Microscopic analysis was done for samples after revival. The revival of the strains bulk cryopreserved in the winter season is also checked by using in house molecular techniques.

Molecular analysis:
Molecular analysis of revived samples was conducted using in-house molecular analysis technique. In-house primers were designed and samples analysed by the same primers. gDNA was extracted using standard protocol. The concentration of gDNA extracted was between 30-50 ng/ul. PCR was performed for all the samples using our different primers.

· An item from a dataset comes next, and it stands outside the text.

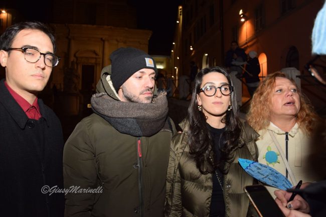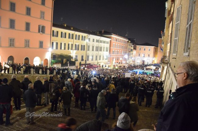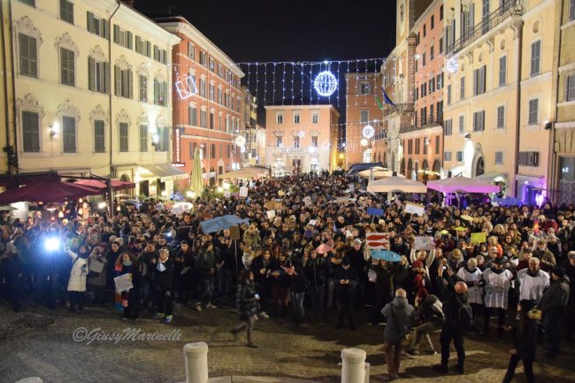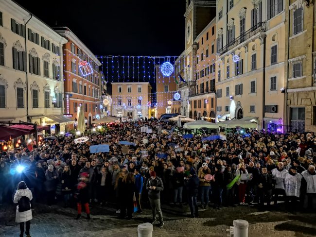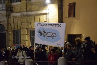 E dato che il punto d’approdo dei tanti arrivati da nord a sud delle Marche è il capoluogo dorico, nei cartelloni si affiancano i moscioli alle sardine. «Le piazze sono aperte e c’è chiunque voglia rivendicare i valori dell’antifascismo, dell’antirazzismo e dell’antiviolenza, in maniera pacifica. I veri partigiani di oggi siete voi», sottolinea Lorenzo Donnoli, del coordinamento nazionale del movimento 6000 sardine, in trasferta ad Ancona. Il fondatore delle sardine made in Marche, Giorgio Mattiuzzo, ha invece citato tutti i «fatti gravi» avvenuti nella regione: «A partire dall’attacco omofobo fuori di una discoteca di Pesaro, passando per l’aggressione verbale ad una donna di colore su un autobus ad Ancona, solo perché non capiva la lingua, fino alla cena con simboli fascisti ad Ascoli Piceno. Vogliamo ricordare che ci sono persone che credono in altri valori, perché il 33% non è il 100% degli italiani». Dal palco si elencano poi alcuni articoli della Costituzione e si parla del sisma «nemico malvagio e barbaro, che a volte arriva di notte». Presenti il presidente del Consiglio regionale, Antonio Mastrovincenzo, l’ex rettore della Politecnica Sauro Longhi, il capogruppo Pd di Ancona Michele Fanesi e il consigliere di Altra Idea di Città Francesco Rubini. Una manifestazione dal valore simbolico, a stretto giro di posta dalla conferenza della leader di Fratelli d’Italia Giorgia Meloni alle 15,30 (leggi l’articolo). Leader fischiata dalla piazza: «I diritti sono di tutti». E poi la frecciata all’apparato di comunicazione che segue Matteo Salvini: «La Bestia non esiste, e se ne stanno accorgendo anche loro. Non ha chance contro le piazze». Le Sardine in conclusione hanno lanciato l’appello a partecipate tutti alla manifestazione a Roma del 14 dicembre, con “Libertà è partecipazione” di Gaber.

All the 3 strains viz.Nannochloropsis clone I, Picochlorum clone I & II were cryopreserved for all the 3 seasons. All the strains were revived after one year of cryopreservation
Molecular analysis after cryopreservation and revival using 18S specific primer, Nannochloropsis specific primer and Picochlorum specific primers showed the presence of same genus of production strain, wherein molecular analysis using the 18S specific primer yielded bands confirmed presence of genes specific to 18S specific primer in Nannochloropsis clone I, Picochlorum clone I and Picochlorum clone II (figure 32(b)), molecular analysis using the Nannochloropsis specific primer depicted the presence of Nannochloropsis clone I in the revived culture (figure 32(c)) and molecular analysis using the Picochlorum specific primer depicted the presence of Picochlorum sp (clone I and clone II) in the revived culture (figure 32(d)).